EXERCISE INSTRUCTIONS: Records follow. Print exactly the lines from the one that has "据21投资通(微信号ID:t" through the one that has "Dakikalar 33'ü gösterdiğinde", inclusive, and omit the pictures.

TASK DATA:
○ ○ ○ ○
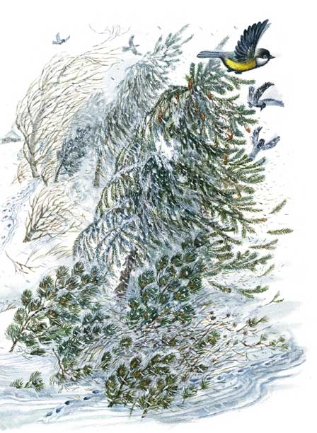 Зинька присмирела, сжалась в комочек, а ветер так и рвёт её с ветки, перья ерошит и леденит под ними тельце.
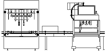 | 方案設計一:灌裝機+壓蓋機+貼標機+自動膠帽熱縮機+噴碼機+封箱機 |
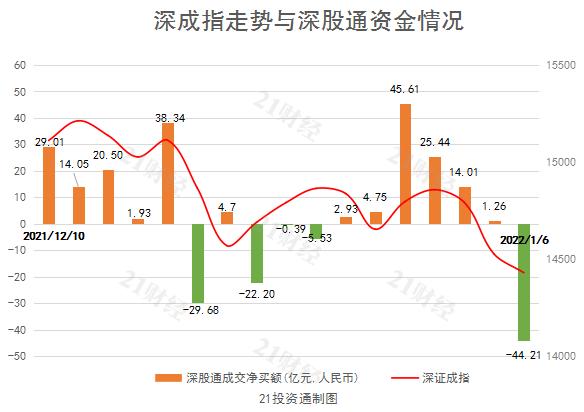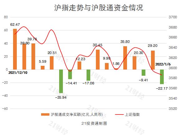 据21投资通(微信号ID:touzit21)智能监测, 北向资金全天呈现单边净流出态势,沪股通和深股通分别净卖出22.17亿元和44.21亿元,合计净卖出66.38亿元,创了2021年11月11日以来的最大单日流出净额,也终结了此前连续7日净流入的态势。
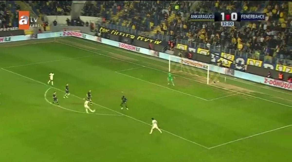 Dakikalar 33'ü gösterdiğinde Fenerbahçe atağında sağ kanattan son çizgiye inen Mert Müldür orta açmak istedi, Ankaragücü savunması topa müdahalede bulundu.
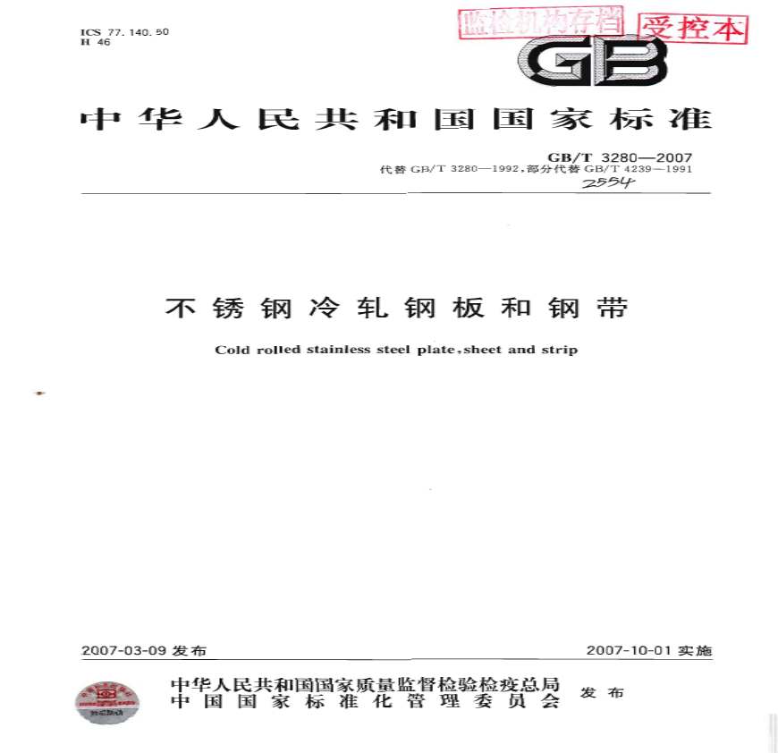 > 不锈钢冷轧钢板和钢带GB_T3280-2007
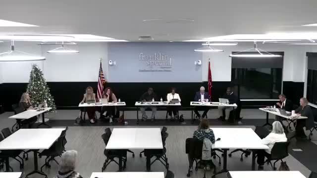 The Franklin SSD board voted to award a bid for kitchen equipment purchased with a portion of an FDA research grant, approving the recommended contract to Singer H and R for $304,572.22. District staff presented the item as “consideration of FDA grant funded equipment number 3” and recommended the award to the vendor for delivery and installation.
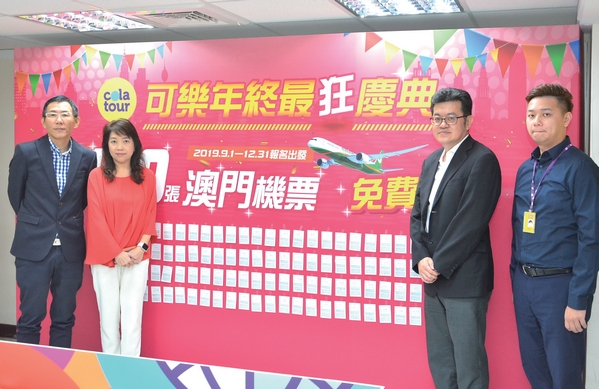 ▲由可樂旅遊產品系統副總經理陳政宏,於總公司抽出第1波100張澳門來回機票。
○ ○ ○ ○
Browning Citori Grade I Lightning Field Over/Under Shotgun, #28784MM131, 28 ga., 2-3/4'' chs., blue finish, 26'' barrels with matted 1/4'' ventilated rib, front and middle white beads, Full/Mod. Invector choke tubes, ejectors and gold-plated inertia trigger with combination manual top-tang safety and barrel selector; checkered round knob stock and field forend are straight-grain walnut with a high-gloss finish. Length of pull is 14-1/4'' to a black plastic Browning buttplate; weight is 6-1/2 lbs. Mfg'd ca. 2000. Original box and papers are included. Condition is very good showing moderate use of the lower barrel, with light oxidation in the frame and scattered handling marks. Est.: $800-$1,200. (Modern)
○ ○ ○ ○
EXERCISE ANSWER:
 据21投资通(微信号ID:touzit21)智能监测, 北向资金全天呈现单边净流出态势,沪股通和深股通分别净卖出22.17亿元和44.21亿元,合计净卖出66.38亿元,创了2021年11月11日以来的最大单日流出净额,也终结了此前连续7日净流入的态势。
 Dakikalar 33'ü gösterdiğinde Fenerbahçe atağında sağ kanattan son çizgiye inen Mert Müldür orta açmak istedi, Ankaragücü savunması topa müdahalede bulundu.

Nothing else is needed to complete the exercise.